Саския опустила ножницы на колени, и они звякнули о лежавшие там браслеты и кольца, которые она сняла; Рембрандт, уловив в голосе жены серьезность, тоже отложил рисунок и кисть и попытался поймать ее взгляд, уклончиво устремленный куда-то в неведомую даль.
— Дай мне высказать то, что у меня на душе, и не перебивай меня: мне станет гораздо легче, когда я скажу все. И не думай, будто я говорю это, потому что больна, или печальна, или еще что-нибудь. Я никогда в жизни не была счастливее, чем теперь, и с каждым днем чувствую себя все здоровее. Мне уже стало настолько лучше, что я прошу тебя завтра же отправиться на склад и возобновить работу над картиной. Она такая красивая, и я все время боюсь, как бы краски не засохли и ты не перестал чувствовать то, что чувствовал раньше. Я ни за что на свете не допущу, чтобы это случилось.
— Картина подождет — ничего с ней не случится.
— Ждать она не может, а случиться может многое, и ты должен взяться за нее завтра же, хоть это и не совсем то, о чем я собиралась поговорить.
Саския отодвинула пяльцы в сторону, чтобы между нею и мужем не осталось ничего, кроме огня в камине, Титуса, спавшего в колыбели, и рисунка, лежавшего у ног художника. Она наклонилась вперед, оперлась локтями о колени, опустила голову на руки, и фигурка ее казалась слишком маленькой для большого резного кресла, в котором она сидела, и халата из плотного изумрудного атласа, лежавшего складками и топорщившегося на плечах и груди.
— Мой дядя Сильвиус, упокой, господи, его душу, — продолжала она, — был прав, когда говорил, что я слишком молода и легкомысленна и что замуж мне надо выйти за человека, который годился бы мне в отцы. Он говорил, что я принесу тебе больше горя, чем счастья, и он был прав. Но я ничего не могла поделать с собой, потому что очень любила тебя — любила, даже когда мы ссорились, и какие бы ужасные вещи ты от меня ни слышал, я всегда, всегда любила тебя.
— Полно! Он был неправ.
— Нет, он был прав. Я-то знаю, мой дорогой, какой наивной и глупой я была. Я никогда не умела управляться с домом и беречь деньги. Я не умела даже сделать замечание служанке и содержать в порядке шкаф. Я слишком многое портила и слишком многое покупала.

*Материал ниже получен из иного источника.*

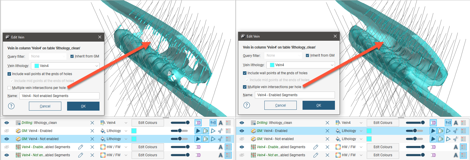 The Multiple vein intersections per hole setting is useful situations where boreholes might pass in and out of the same vein unit multiple times. Here a folded vein is shown with Multiple vein intersections per hole disabled (left) and enabled (right):
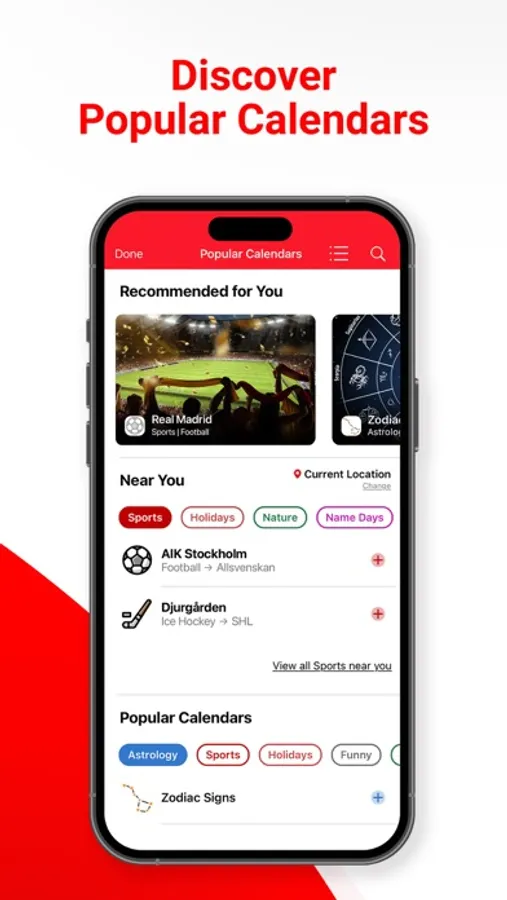 Discover personalized Popular Calendar recommendations to add curated & auto-updating calendars focused on current events. Top categories include Sports, Holidays, Nature & more.
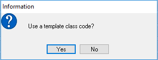 - At the prompt, ”Use a template class code?”, select “No” if you wish to create a new Class Code from scratch. Select “Yes” if you wish to use an existing Class as a template for the one you are creating. ****Skip to step 5 if not using a template
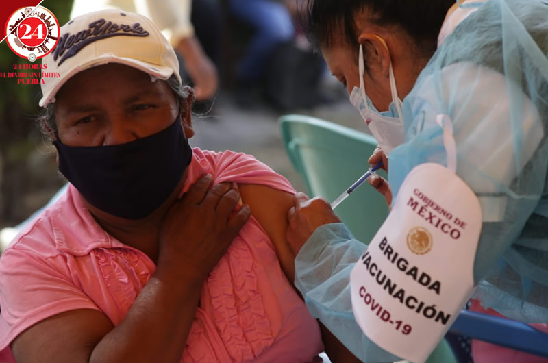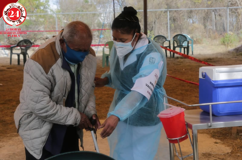 Personal médico llevó a cabo este viernes la vacunación de personas de la tercera edad en el municipio de Tecali de Herrera, en la mixteca poblana.
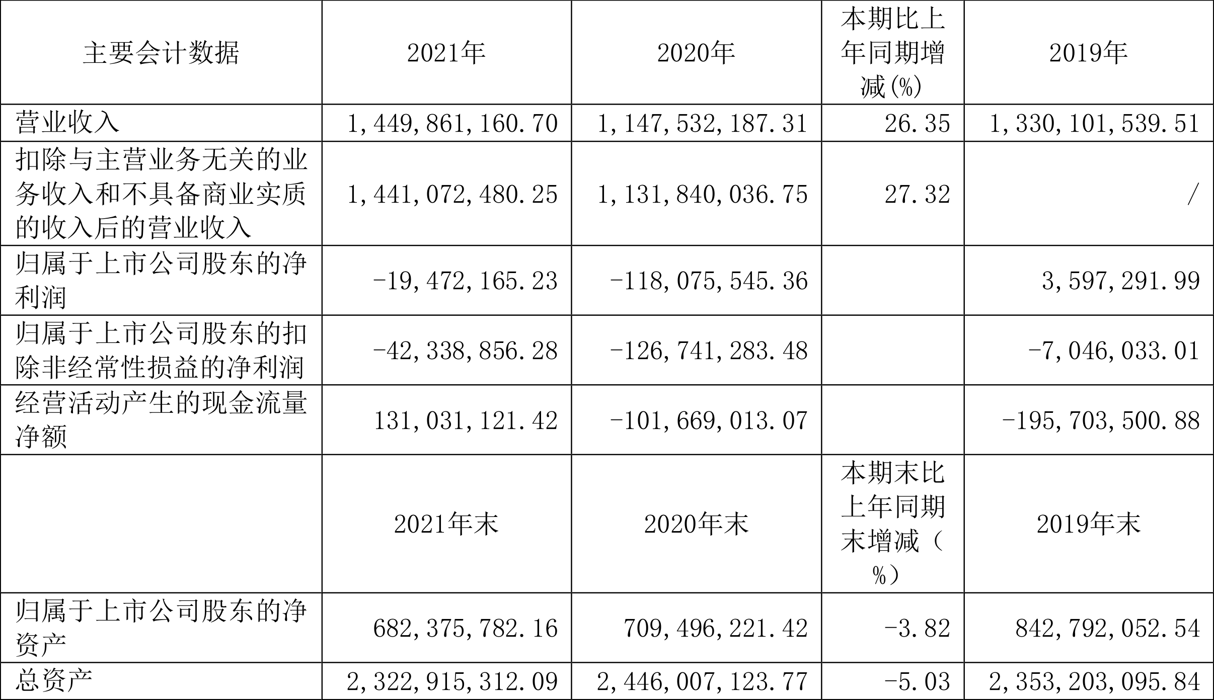 中证财讯 国投中鲁(600962)3月31日披露2021年年度报告。2021年,公司实现营业收入14.50亿元,同比增长26.35%;归母净利润亏损1947.22万元,上年同期亏损1.18亿元;扣非净利润亏损4233.89万元,上年同期亏损1.27亿元;经营活动产生的现金流量净额为1.31亿元,上年同期为-1.02亿元;基本每股收益为-0.07元,加权平均净资产收益率为-2.80%。

— Это я покупал слишком много. Я тратил больше, чем ты. — Саския улыбалась, и Рембрандт тоже изо всех сил старался заставить губы не дрожать и ответить ей улыбкой. — Во всяком случае, я женился на тебе не для того, чтобы ты содержала в порядке шкафы и берегла деньги. Мне было важно не это. Я женился, чтобы любить тебя, и, видит бог, получил больше радости, чем мне полагалось.
— Правда? Рада это слышать. Но, честно говоря, я думаю, что ты и тут совершил невыгодную сделку: я слишком много болела и слишком часто бывала беременна, хоть это была бы не беда, не чувствуй я, что ты обманут — ведь наши дети умирали.
Сноп искр взметнулся над горящими поленьями, потом исчез в глубине камина, и Рембрандт с внезапно забившимся сердцем понял, что она, да и он сам вместе с ней, говорит так, словно все кончено и они оглядываются на свое общее прошлое, как будто оно стало таким же далеким, как кухня в Лейдене или мансарда в доме Питера Ластмана.
— Я не обманут. Я получил больше, чем заслуживаю. Ты даешь мне все, что нужно, — сказал он, и сердце его переполнилось до краев, потому что лишь сознательным усилием воли он заставил себя говорить в настоящем времени.
— Не огорчайся, мой бедный мальчик. Теперь у нас с тобой нет больше причин для огорчений.
Саския вскинула голову и с прежней живостью тряхнула огненными кудрями.
— Теперь, когда существует он, — она сделала жест в сторону колыбели, — теперь, когда я дала тебе ребенка да еще такого красивого, такого замечательного, я почти не думаю о том, как трудно было тебе терпеть меня.
Я знаю: теперь, когда я хоть что-то сделала как следует, а может быть, даже лучше, чем делает большинство женщин, ты не винишь меня и в остальном.
— Я виню тебя? — вот и все, что он смог сказать, не опасаясь разрыдаться.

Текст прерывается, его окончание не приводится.